— Available data —

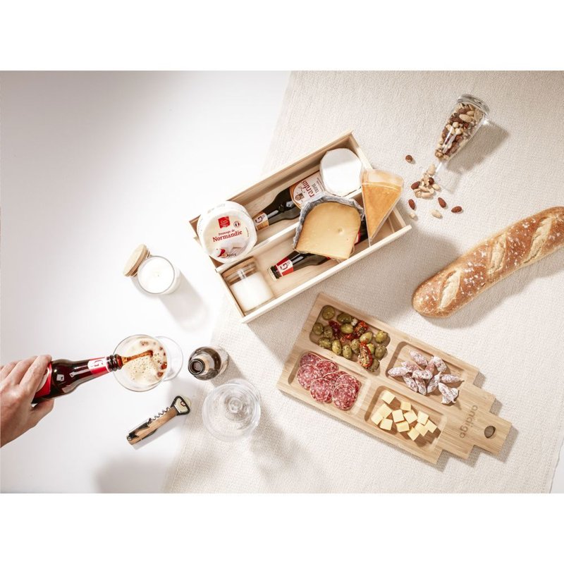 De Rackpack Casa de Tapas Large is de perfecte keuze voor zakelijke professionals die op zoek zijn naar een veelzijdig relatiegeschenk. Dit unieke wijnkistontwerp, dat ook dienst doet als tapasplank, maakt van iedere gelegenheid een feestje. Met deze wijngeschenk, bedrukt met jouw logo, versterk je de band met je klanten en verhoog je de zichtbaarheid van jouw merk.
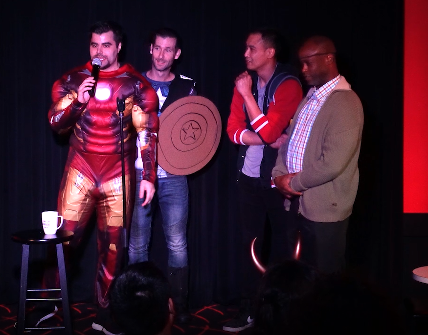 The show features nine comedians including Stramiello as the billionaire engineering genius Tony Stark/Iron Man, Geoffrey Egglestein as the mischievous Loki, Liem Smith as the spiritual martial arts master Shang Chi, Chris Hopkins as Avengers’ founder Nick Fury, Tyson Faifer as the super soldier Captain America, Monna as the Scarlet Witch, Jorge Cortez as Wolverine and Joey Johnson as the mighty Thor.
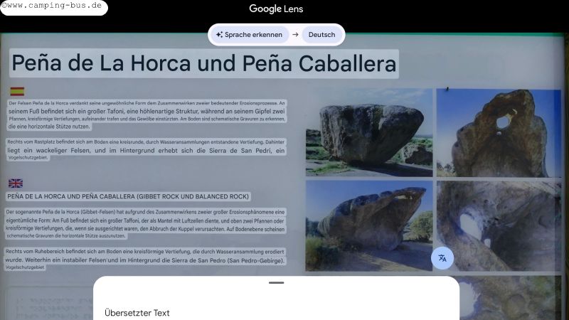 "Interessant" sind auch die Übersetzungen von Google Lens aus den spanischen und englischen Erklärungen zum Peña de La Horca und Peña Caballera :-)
...
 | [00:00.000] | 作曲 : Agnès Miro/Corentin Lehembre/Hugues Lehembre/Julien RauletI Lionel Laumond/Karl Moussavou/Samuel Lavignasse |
==
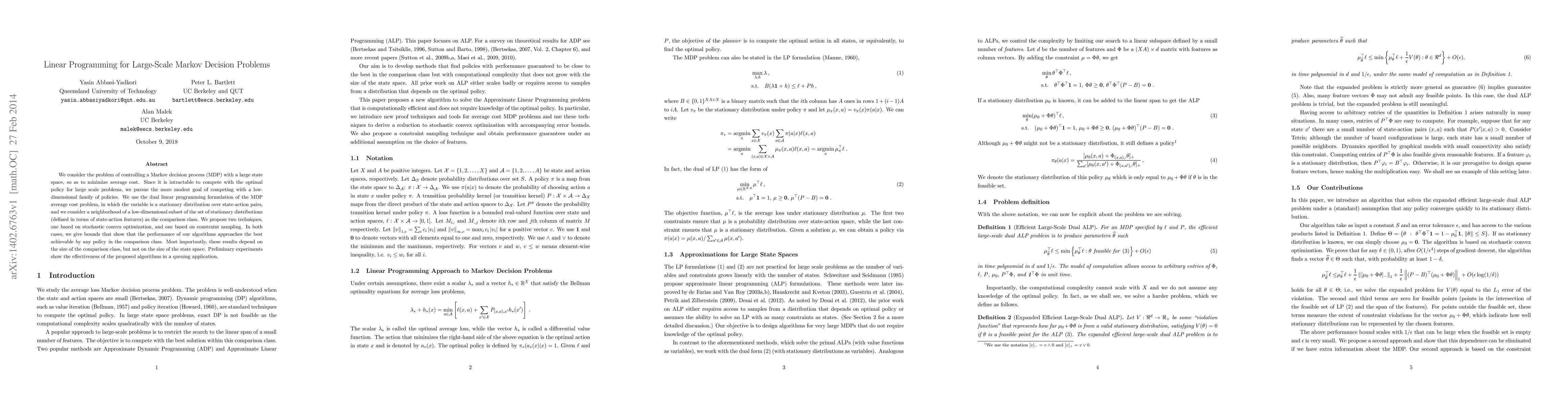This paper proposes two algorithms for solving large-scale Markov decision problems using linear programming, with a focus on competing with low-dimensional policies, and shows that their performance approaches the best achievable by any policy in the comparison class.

— Task directions —
Of the records above, print only the lines from the one containing "The show features" through the one containing "Peña Caballera :-)", inclusive and unaltered, leaving out pictures.

— Response —
 The show features nine comedians including Stramiello as the billionaire engineering genius Tony Stark/Iron Man, Geoffrey Egglestein as the mischievous Loki, Liem Smith as the spiritual martial arts master Shang Chi, Chris Hopkins as Avengers’ founder Nick Fury, Tyson Faifer as the super soldier Captain America, Monna as the Scarlet Witch, Jorge Cortez as Wolverine and Joey Johnson as the mighty Thor.
 "Interessant" sind auch die Übersetzungen von Google Lens aus den spanischen und englischen Erklärungen zum Peña de La Horca und Peña Caballera :-)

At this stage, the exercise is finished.